#### [What you should do]
Once you find the line with "2020年年报显示,聆达股份" in the entries below, return exactly every line from it through the line with "On the outside".

#### [Information shown]
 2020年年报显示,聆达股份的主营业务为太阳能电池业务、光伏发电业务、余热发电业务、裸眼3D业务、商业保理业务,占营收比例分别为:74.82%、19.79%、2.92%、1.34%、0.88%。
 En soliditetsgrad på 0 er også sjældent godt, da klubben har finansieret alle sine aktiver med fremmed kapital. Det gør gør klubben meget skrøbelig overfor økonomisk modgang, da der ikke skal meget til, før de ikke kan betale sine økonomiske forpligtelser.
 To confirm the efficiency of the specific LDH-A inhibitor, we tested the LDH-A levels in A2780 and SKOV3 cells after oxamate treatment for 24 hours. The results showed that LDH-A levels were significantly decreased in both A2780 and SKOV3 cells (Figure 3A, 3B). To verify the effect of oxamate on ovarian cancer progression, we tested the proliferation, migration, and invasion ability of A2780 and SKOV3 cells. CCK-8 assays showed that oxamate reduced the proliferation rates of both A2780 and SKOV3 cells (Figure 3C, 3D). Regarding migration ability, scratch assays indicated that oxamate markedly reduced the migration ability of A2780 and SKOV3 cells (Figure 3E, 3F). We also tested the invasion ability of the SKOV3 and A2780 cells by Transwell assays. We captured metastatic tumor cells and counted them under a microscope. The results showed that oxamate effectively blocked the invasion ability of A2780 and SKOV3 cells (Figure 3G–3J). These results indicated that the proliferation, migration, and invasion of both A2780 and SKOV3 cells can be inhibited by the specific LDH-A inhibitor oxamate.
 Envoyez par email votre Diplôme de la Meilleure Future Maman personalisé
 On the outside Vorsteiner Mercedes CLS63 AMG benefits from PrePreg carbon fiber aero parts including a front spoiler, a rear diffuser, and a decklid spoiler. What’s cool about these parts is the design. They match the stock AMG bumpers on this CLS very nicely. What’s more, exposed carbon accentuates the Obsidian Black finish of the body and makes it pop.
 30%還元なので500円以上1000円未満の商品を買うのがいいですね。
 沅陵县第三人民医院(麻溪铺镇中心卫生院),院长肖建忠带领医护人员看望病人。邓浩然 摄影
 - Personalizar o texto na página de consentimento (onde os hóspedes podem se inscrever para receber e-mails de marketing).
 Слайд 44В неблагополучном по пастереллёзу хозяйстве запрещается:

--

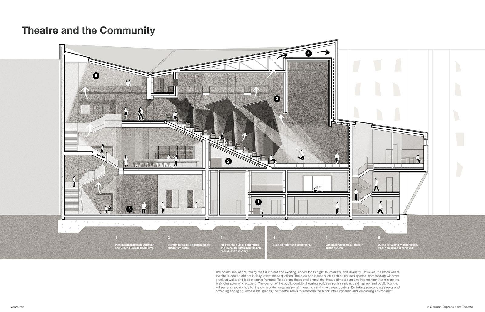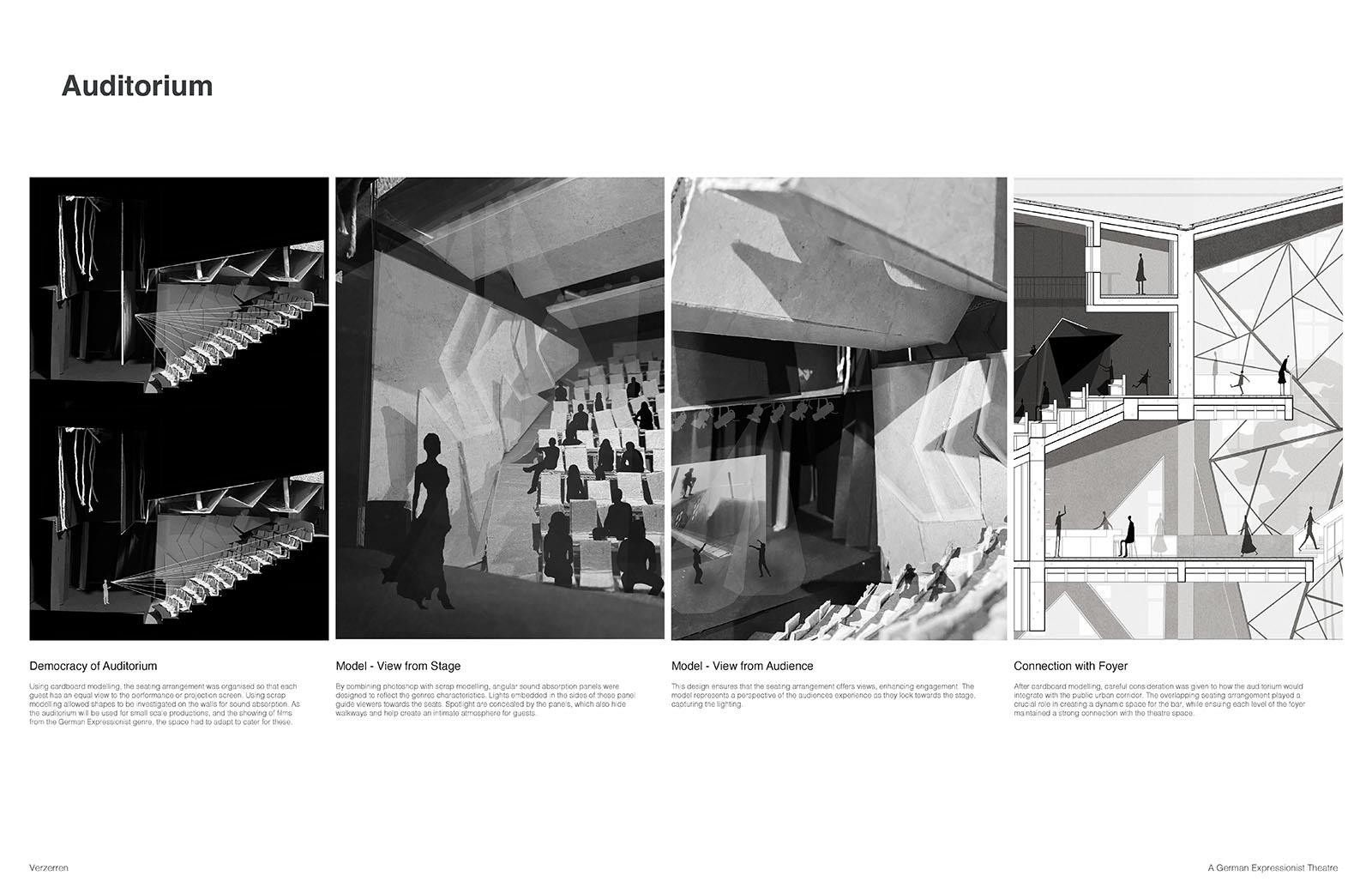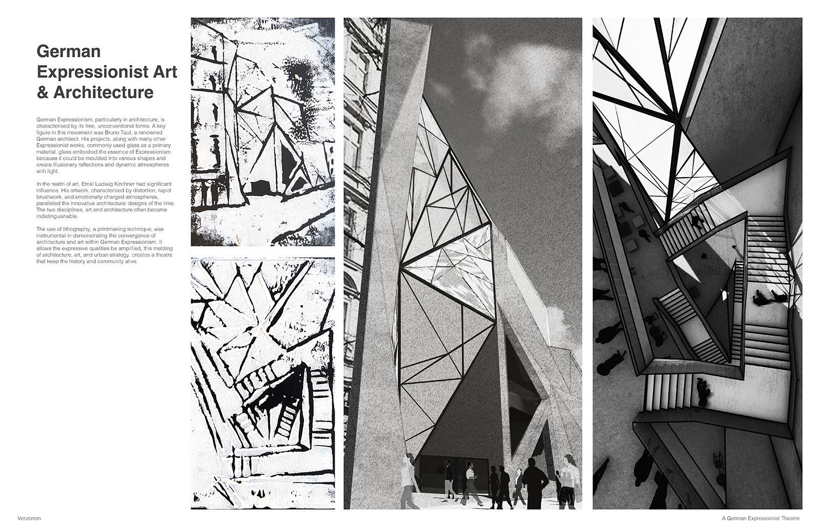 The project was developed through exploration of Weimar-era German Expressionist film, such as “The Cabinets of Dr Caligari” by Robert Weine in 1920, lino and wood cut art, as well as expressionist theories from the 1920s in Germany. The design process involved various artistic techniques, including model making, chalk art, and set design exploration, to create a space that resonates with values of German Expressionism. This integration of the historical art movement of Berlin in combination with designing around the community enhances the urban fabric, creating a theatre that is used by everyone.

* * *

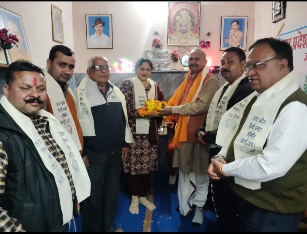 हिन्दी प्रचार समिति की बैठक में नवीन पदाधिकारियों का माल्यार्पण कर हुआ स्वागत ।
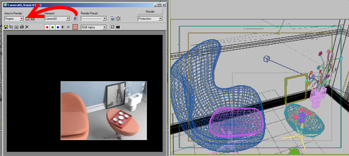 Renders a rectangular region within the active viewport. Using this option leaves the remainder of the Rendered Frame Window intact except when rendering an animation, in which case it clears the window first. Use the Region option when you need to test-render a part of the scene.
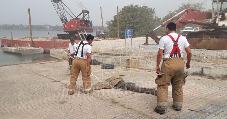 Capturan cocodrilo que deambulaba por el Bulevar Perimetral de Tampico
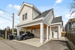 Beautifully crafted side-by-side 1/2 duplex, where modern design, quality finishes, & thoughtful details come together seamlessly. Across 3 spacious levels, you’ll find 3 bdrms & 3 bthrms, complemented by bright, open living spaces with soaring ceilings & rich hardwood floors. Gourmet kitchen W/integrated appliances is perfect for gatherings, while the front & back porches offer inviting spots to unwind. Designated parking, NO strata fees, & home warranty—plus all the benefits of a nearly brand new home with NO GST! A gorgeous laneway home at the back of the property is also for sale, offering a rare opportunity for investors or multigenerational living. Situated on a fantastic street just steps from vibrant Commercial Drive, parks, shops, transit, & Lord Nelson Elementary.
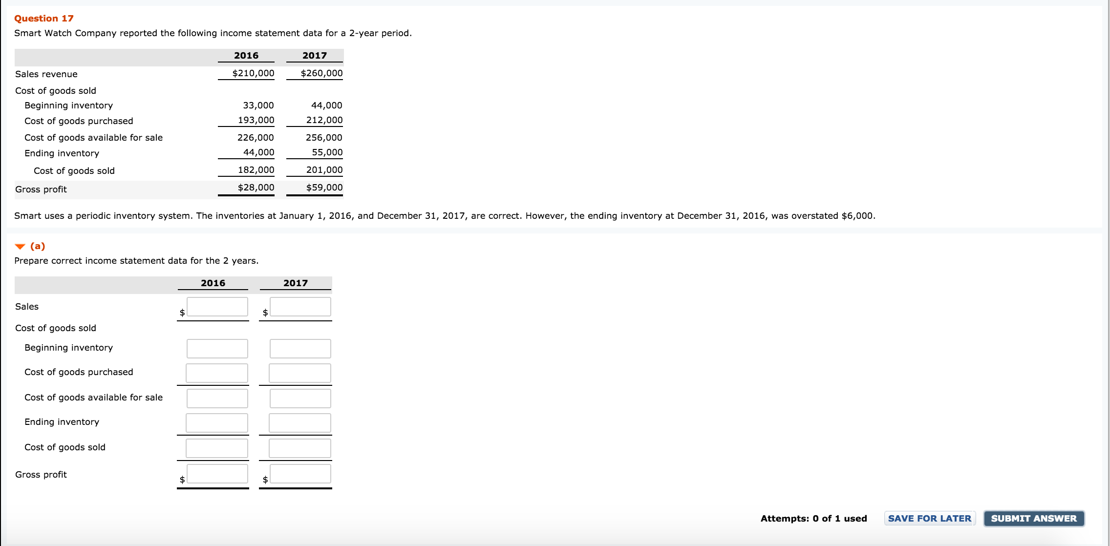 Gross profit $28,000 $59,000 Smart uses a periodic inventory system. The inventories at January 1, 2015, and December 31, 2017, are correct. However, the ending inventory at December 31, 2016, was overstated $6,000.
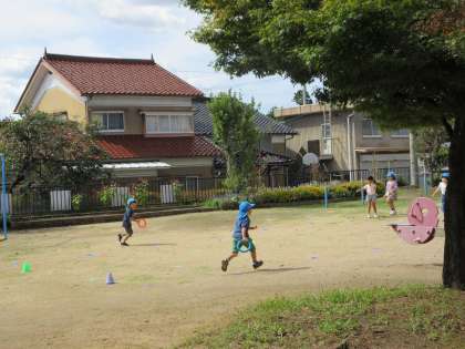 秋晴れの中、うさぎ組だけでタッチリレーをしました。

#### [Result below]
 2020年年报显示,聆达股份的主营业务为太阳能电池业务、光伏发电业务、余热发电业务、裸眼3D业务、商业保理业务,占营收比例分别为:74.82%、19.79%、2.92%、1.34%、0.88%。
 En soliditetsgrad på 0 er også sjældent godt, da klubben har finansieret alle sine aktiver med fremmed kapital. Det gør gør klubben meget skrøbelig overfor økonomisk modgang, da der ikke skal meget til, før de ikke kan betale sine økonomiske forpligtelser.
 To confirm the efficiency of the specific LDH-A inhibitor, we tested the LDH-A levels in A2780 and SKOV3 cells after oxamate treatment for 24 hours. The results showed that LDH-A levels were significantly decreased in both A2780 and SKOV3 cells (Figure 3A, 3B). To verify the effect of oxamate on ovarian cancer progression, we tested the proliferation, migration, and invasion ability of A2780 and SKOV3 cells. CCK-8 assays showed that oxamate reduced the proliferation rates of both A2780 and SKOV3 cells (Figure 3C, 3D). Regarding migration ability, scratch assays indicated that oxamate markedly reduced the migration ability of A2780 and SKOV3 cells (Figure 3E, 3F). We also tested the invasion ability of the SKOV3 and A2780 cells by Transwell assays. We captured metastatic tumor cells and counted them under a microscope. The results showed that oxamate effectively blocked the invasion ability of A2780 and SKOV3 cells (Figure 3G–3J). These results indicated that the proliferation, migration, and invasion of both A2780 and SKOV3 cells can be inhibited by the specific LDH-A inhibitor oxamate.
 Envoyez par email votre Diplôme de la Meilleure Future Maman personalisé
 On the outside Vorsteiner Mercedes CLS63 AMG benefits from PrePreg carbon fiber aero parts including a front spoiler, a rear diffuser, and a decklid spoiler. What’s cool about these parts is the design. They match the stock AMG bumpers on this CLS very nicely. What’s more, exposed carbon accentuates the Obsidian Black finish of the body and makes it pop.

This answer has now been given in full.